Lawrence Saul

I am a Senior Research Scientist in the Center for Computational Mathematics (CCM) at the Flatiron Institute. I am part of a large and growing research effort in the area of machine learning, both within my own center (ML@CCM) and across all of Flatiron (ML@FI). I work broadly across the areas of high dimensional data analysis, latent variable modeling, variational inference, and representation learning.

Within CCM, I am attempting to build a group with diverse backgrounds and interests. We interview seasonally for summer interns, three-year postdocs, and full-time research scientists (at all levels of seniority).

Before joining Flatiron, I was a tenured faculty member at UC San Diego and UPenn and a member of the technical staff at AT&T Labs. I also served previously as Editor-in-Chief of JMLR and a Program Chair of NeurIPS. Before my work in machine learning, I earned a bachelor’s degree in Physics from Harvard and a doctorate in Physics from M.I.T.

Recent Projects

Variational inference

Given an intractable distribution p, the problem of variational inference (VI) is to find the best approximation q from some more tractable family. Typically, q is found by minimizing the (reverse) Kullback-Leibler divergence, but in recent papers, we have shown how to approximate p by minimizing certain score-based divergences. The first of these papers derives the Batch and Match algorithm for VI with multivariate Gaussian approximations, while the second describes an eigenvalue problem (EigenVI) for approximations based on orthogonal function expansions. In related work, this paper analyzes the inherent trade-offs that arise in VI when a factorized approximation q is used to model a target distribution p that does not factorize.
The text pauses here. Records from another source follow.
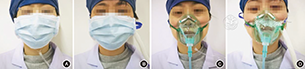 2.鼻导管给氧或经鼻高流量氧疗,可以在鼻导管外面戴一层外科口罩或面罩,减少病毒气溶胶的扩散(图1);有条件选择气密面罩或加用空气帐篷。
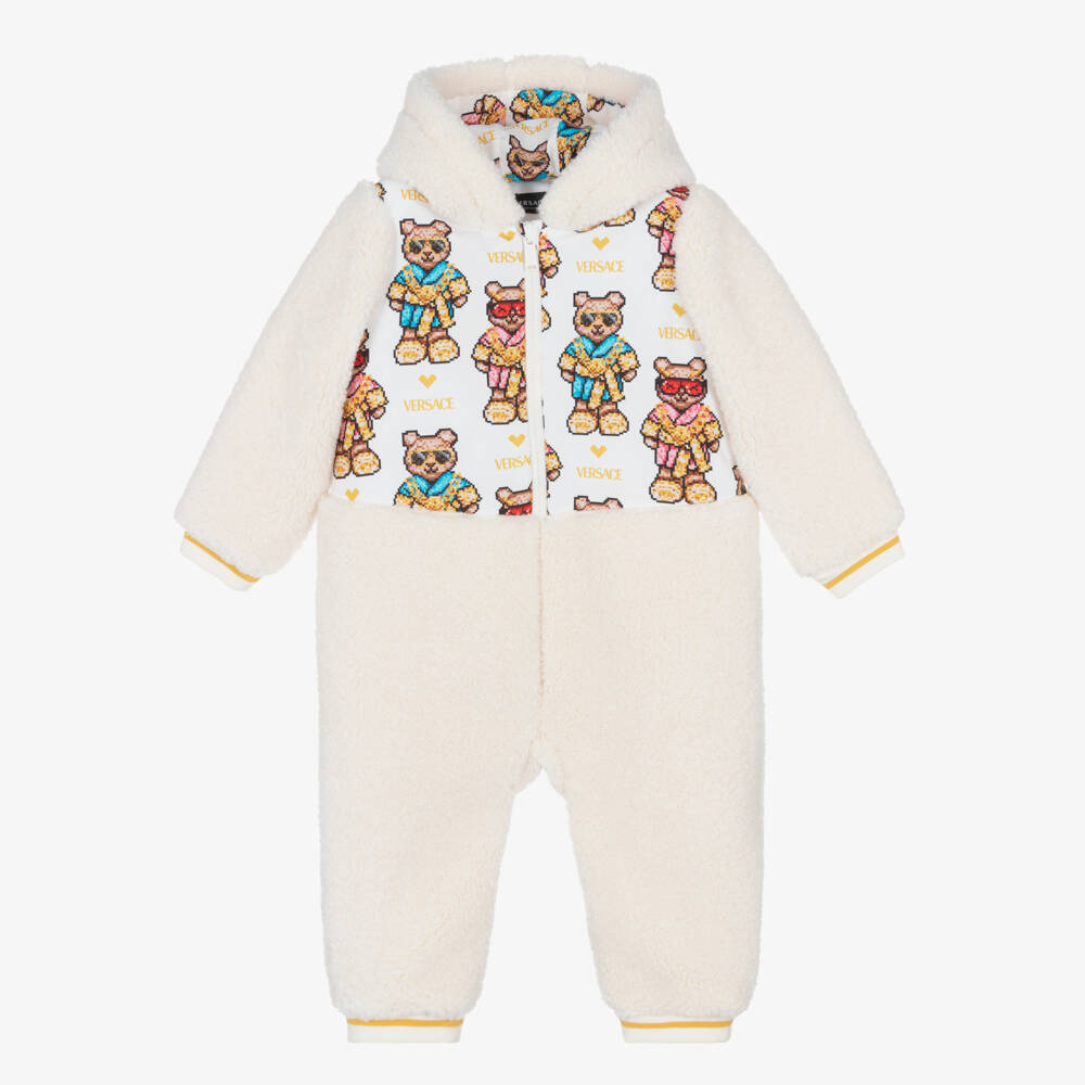 Cosy and warm, this beige fleece pramsuit for baby boys and girls is by luxury Italian designer Versace. Unmistakably by the brand, the silky ivory bodice and hood lining are patterned with colourful, pixelated teddy bears, hearts and logos. The front zip fastening has a useful, protective chin guard, and there are ribbed, yellow-striped trims for extra cosiness.
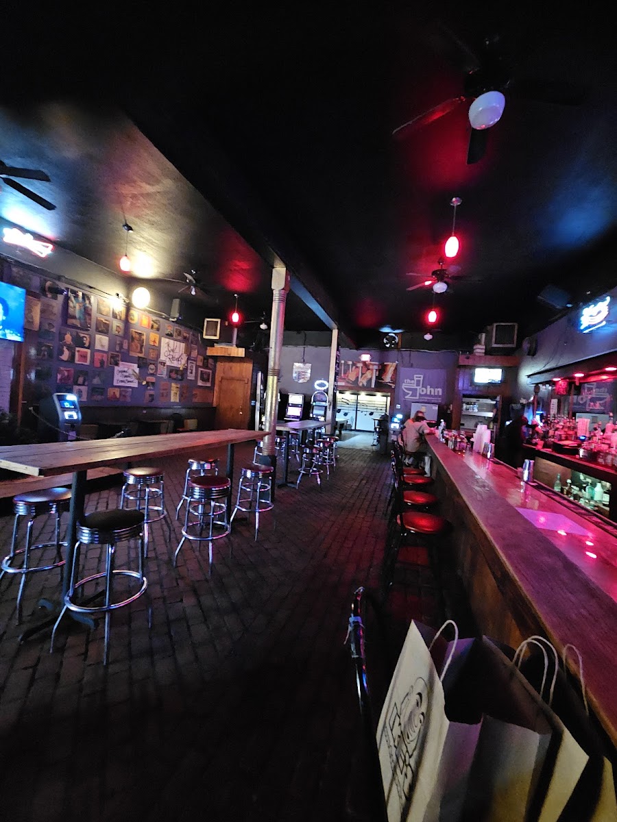 The John Layout/atmosphere *Dive bar; 24 hours; cash only; high tops in center of room; video poker machine; album covers on the wall; one TV; internet jukebox; pool table and PAC Man arcade game in the back Food/drink *No food menu
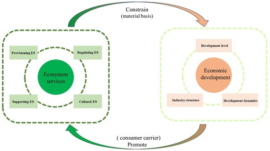 The socio-economic system and the natural ecosystem are closely related to the survival and development of human beings. There are nonlinear and open dynamic changes between them, causing them to interact and organically unify. The adjustment of the system’s structure and optimisation of its function can be realised based on coupling coordination research. The coupling coordination relationship between the two systems is summarised in Figure 2. Ecosystem services include the supply services, regulation services, support services, and cultural services utilised by human beings and constitute the material basis for socio-economic development. Socio-economic development is the driver of the use of ecosystem services, and any increase in this development strengthens the degree of access to the ecosystem. If the demands of the social–economy exceed the limits of development, it will inevitably be restricted by the ecosystem. When socio-economic development reaches a certain level, human beings can promote regional synergic and high-quality development by formulating policies for the sustainable development of the local social–economy and ecosystem.
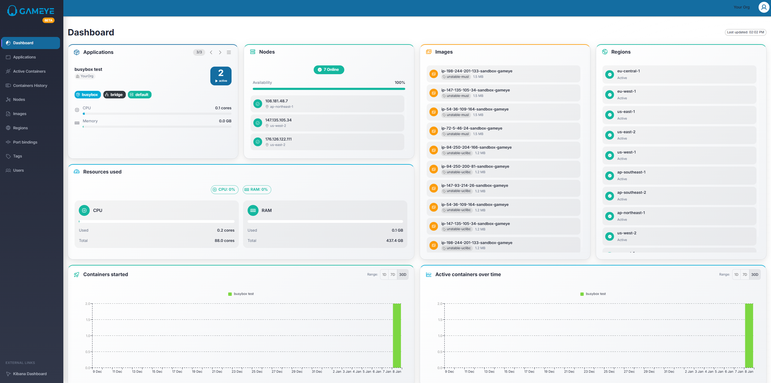 • Regions card: Regions overview.
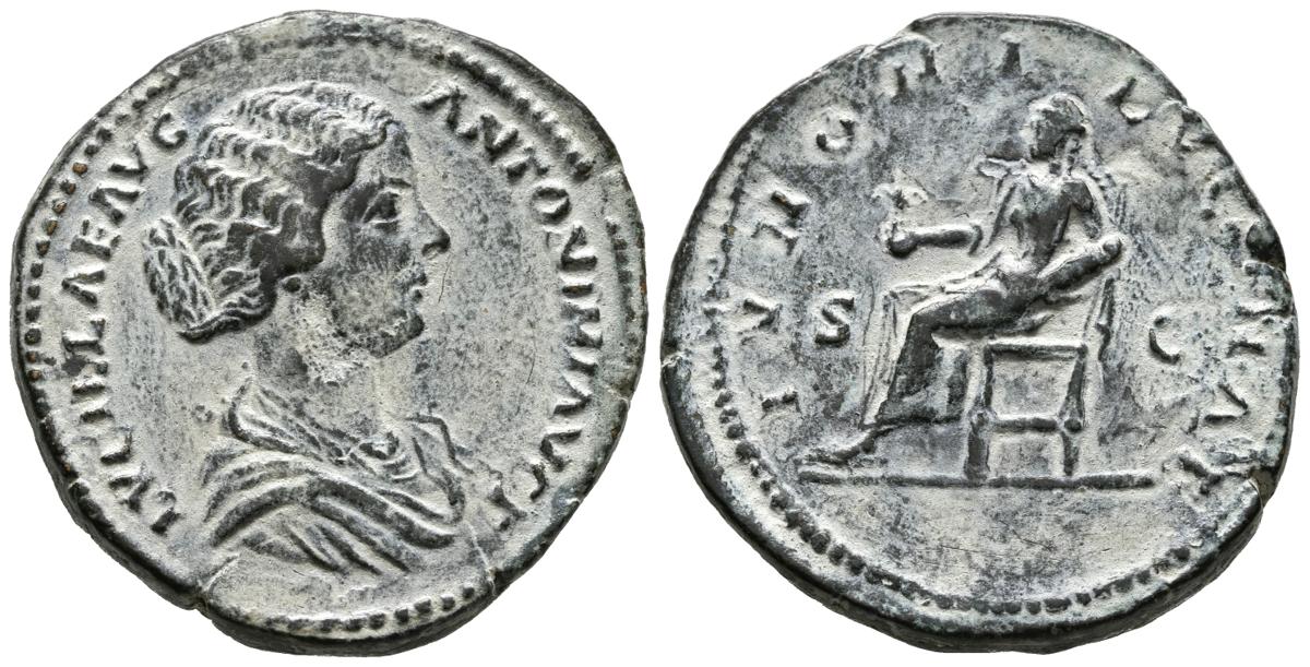 LUCILLA. Sestercio. (Ae. 21,90g/32mm). 182 d.C. Roma. Anv: LVCILLAE AVG ANTONINI AVG F. Busto drapeado con moño a derecha de Lucilla. Rev: IVNO LVCINAE. Juno sentado a izquierda sosteniendo flor, entre SC. (RIC 1747). MBC-. Campos rebajados y repatinado.

High dimensional data analysis

Sparse matrices are not generally low rank, and low-rank matrices are not generally sparse. But can one find more subtle connections between these different properties of matrices by looking beyond the canonical decompositions of linear algebra? This paper describes a nonlinear matrix decomposition that can be used to express a sparse nonnegative matrix in terms of a real-valued matrix of significantly lower rank. Arguably the most popular matrix decompositions in machine learning are those—such as principal component analysis, or nonnegative matrix factorization—that have a simple geometric interpretation. This paper gives such an interpretation for these nonlinear decompositions, one that arises naturally in the problem of manifold learning.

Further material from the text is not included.